More recently tap devices started to be used by virtual machines to enable networking. The VMM (like Qemu, Firecracker, or gVisor) would open the application side of a tap and pass all the packets to the guest VM. The tap network interface would be left for the host kernel to deal with. Typically, a host would behave like a router and firewall, forward or NAT all the packets. This design is somewhat surprising - it's almost reversing the original use case for tap. In the VPN days tap was a traffic destination. With a VM behind, tap looks like a traffic source.

A Linux tap device is a mean creature. It looks trivial — a virtual network interface, with a file descriptor behind it. However, it's surprisingly hard to get it to perform well. The Linux networking stack is optimized for packets handled by a physical network card, not a userspace application. However, over the years the Linux tap interface grew in features and nowadays, it's possible to get good performance out of it. Later I'll explain how to use the Linux tap API in a modern way.

Source: DALL-E

To tun or to tap?

The interface is called "the universal tun/tap" in the kernel. The "tun" variant, accessible via the IFF_TUN flag, looks like a point-to-point link. There are no L2 Ethernet headers. Since most modern networks are Ethernet, this is a bit less intuitive to set up for a novice user. Most importantly, projects like Firecracker and gVisor do expect L2 headers.
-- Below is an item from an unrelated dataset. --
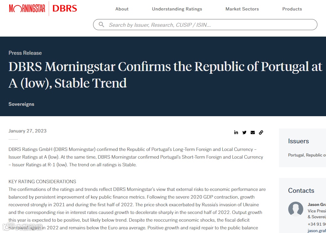 1月27日,国际金融评级机构DBRS确认葡萄牙主权债务评级为“A”(低),前景稳定。

"Tap", with the IFF_TAP flag, is the one which has Ethernet headers, and has been getting all the attention lately. If you are like me and always forget which one is which, you can use this AI-generated rhyme (check out WorkersAI/LLama) to help to remember:

Tap is like a switch,Ethernet headers it'll hitch.Tun is like a tunnel,VPN connections it'll funnel.Ethernet headers it won't hold,Tap uses, tun does not, we're told.

Listing devices

Tun/tap devices are natively supported by iproute2 tooling. Typically, one creates a device with ip tuntap add and lists it with ip tuntap list:

$ sudo ip tuntap add mode tap user marek group marek name tap0
$ ip tuntap list
tap0: tap persist user 1000 group 1000

Alternatively, it's possible to look for the /sys/devices/virtual/net/<ifr_name>/tun_flags files.

Tap device setup

To open or create a new device, you first need to open /dev/net/tun which is called a "clone device":

    /* First, whatever you do, the device /dev/net/tun must be
     * opened read/write. That device is also called the clone
     * device, because it's used as a starting point for the
     * creation of any tun/tap virtual interface. */
    char *clone_dev_name = "/dev/net/tun";
    int tap_fd = open(clone_dev_name, O_RDWR | O_CLOEXEC);
    if (tap_fd < 0) {
   	 error(-1, errno, "open(%s)", clone_dev_name);
    }

With the clone device file descriptor we can now instantiate a specific tap device by name:

    struct ifreq ifr = {};
    strncpy(ifr.ifr_name, tap_name, IFNAMSIZ);
    ifr.ifr_flags = IFF_TAP | IFF_NO_PI | IFF_VNET_HDR;
    int r = ioctl(tap_fd, TUNSETIFF, &ifr);
    if (r != 0) {
   	 error(-1, errno, "ioctl(TUNSETIFF)");
    }

If ifr_name is empty or with a name that doesn't exist, a new tap device is created. Otherwise, an existing device is opened. When opening existing devices, flags like IFF_MULTI_QUEUE must match with the way the device was created, or EINVAL is returned. It's a good idea to try to reopen the device with flipped multi queue setting on EINVAL error.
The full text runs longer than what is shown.